Sunlyn, one of the major investments within the Sasfin stable, has entered into a transaction to acquire Capitec Rental Finance.
This brings together two established businesses in South Africa’s equipment and rental finance sector. The transaction remains subject to the requisite regulatory approvals.
This is an exciting opportunity for Sunlyn and an important step in the company’s growth journey, says Linda Fröhlich, the CEO of Sunlyn.
“Capitec Rental Finance has built a respected business with a strong reputation, an established client base and experienced teams. We believe the combination of our businesses will enhance our ability to serve clients, suppliers and business partners across South Africa while continuing to deliver the personalised service and tailored solutions for which both businesses are known.”
The acquisition is said to further strengthen Sunlyn’s position as SA’s leading rental finance business and expand its ability to support equipment suppliers and their business clients across the country.
Capitec Rental Finance is said to have established a strong presence in the rental finance market through its focus on providing flexible funding solutions that enable businesses to acquire the equipment and technology they need to grow and remain competitive.
The business brings an established client base, experienced teams and longstanding supplier relationships that complement Sunlyn’s existing strengths.
Natural extension of a business
For Sunlyn, the acquisition represents a natural extension of a business that has built a market-leading position over several decades.
Backed by Sasfin, which has transformed into an Investment Holding Company, Sunlyn has successfully transitioned to a non-bank alternative lending platform which provides tailored funding solutions to equipment suppliers and their business clients.
The business has built enduring client and supplier relationships through customised solutions, strong vendor partnerships and a commitment to exceptional service.
This transaction enhances Sunlyn’s scale and market reach, further strengthening our ability to support equipment suppliers and their business clients, says Harriet Heymans, who was recently appointed managing director of Sunlyn.
“We have greatly valued our collaboration with Capitec throughout this process, including the provision of a R1.6 billion secured credit facility that supports the ongoing funding requirements of the combined rental receivables portfolio. We look forward to building on this relationship in the years ahead.”
Both businesses will continue to operate independently for now.

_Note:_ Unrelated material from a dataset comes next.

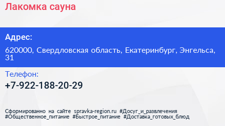 Лакомка, сауна по адресу 620000, Свердловская область, Екатеринбург, Энгельса, 31 в дальнейшем Организация, размещена в следующих категориях:

Whilst the parties seek the necessary regulatory approvals, both businesses will continue to operate independently and in the ordinary course, with service delivery, relationship management and client support remaining unchanged.
In May, The Africanvestor analysed residential property rental yields in SA, as of 2026, for individual residential property buyers using the raw South Africa dataset provided.

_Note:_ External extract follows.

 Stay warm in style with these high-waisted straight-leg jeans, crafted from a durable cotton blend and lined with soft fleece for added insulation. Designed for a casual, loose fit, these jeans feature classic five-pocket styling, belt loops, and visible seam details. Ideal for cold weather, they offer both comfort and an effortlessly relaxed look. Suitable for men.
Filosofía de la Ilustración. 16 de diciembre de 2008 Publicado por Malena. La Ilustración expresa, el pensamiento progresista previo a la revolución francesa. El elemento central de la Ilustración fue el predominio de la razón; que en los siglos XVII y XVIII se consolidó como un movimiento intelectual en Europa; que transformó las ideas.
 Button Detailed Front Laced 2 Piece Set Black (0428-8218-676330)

The work focuses on practical buy-to-let decisions, comparing purchase prices, monthly rents, gross rental yields, net rental yields, property types, and local risk signals across the neighbourhoods covered.
Centurion, Fourways, Sandton, Observatory, Woodstock, Rosebank, and Bryanston show the most convincing income profiles
It said the strongest net-yield areas in the dataset are mainly in Gauteng and selected practical Cape Town nodes. Centurion, Fourways, Sandton, Observatory, Woodstock, Rosebank, and Bryanston show the most convincing income profiles because they combine strong rents with purchase prices that still leave room for net return.
Centurion is the clearest high-yield entry point. A modelled 1-bedroom property at R620,000 with R7,600 monthly rent produces 14.7% gross yield and 12.5% net yield, which is the strongest net number in the table, it said.
“Sandton, Rosebank, Bryanston, and Fourways show why Gauteng remains important for rental-income investors. Their modelled 1- and 2-bedroom net yields often sit around 9.7% to 11.4%, supported by professional tenants, offices, shopping, hospitals, and broader rental demand.”
Cape Town is more uneven, it said, with Observatory and Woodstock offering strong smaller-unit yields, with modelled 1-bedroom net yields of 11.4% and 10.2%, while Sea Point and Green Point show much weaker yield math because purchase prices are high relative to rent.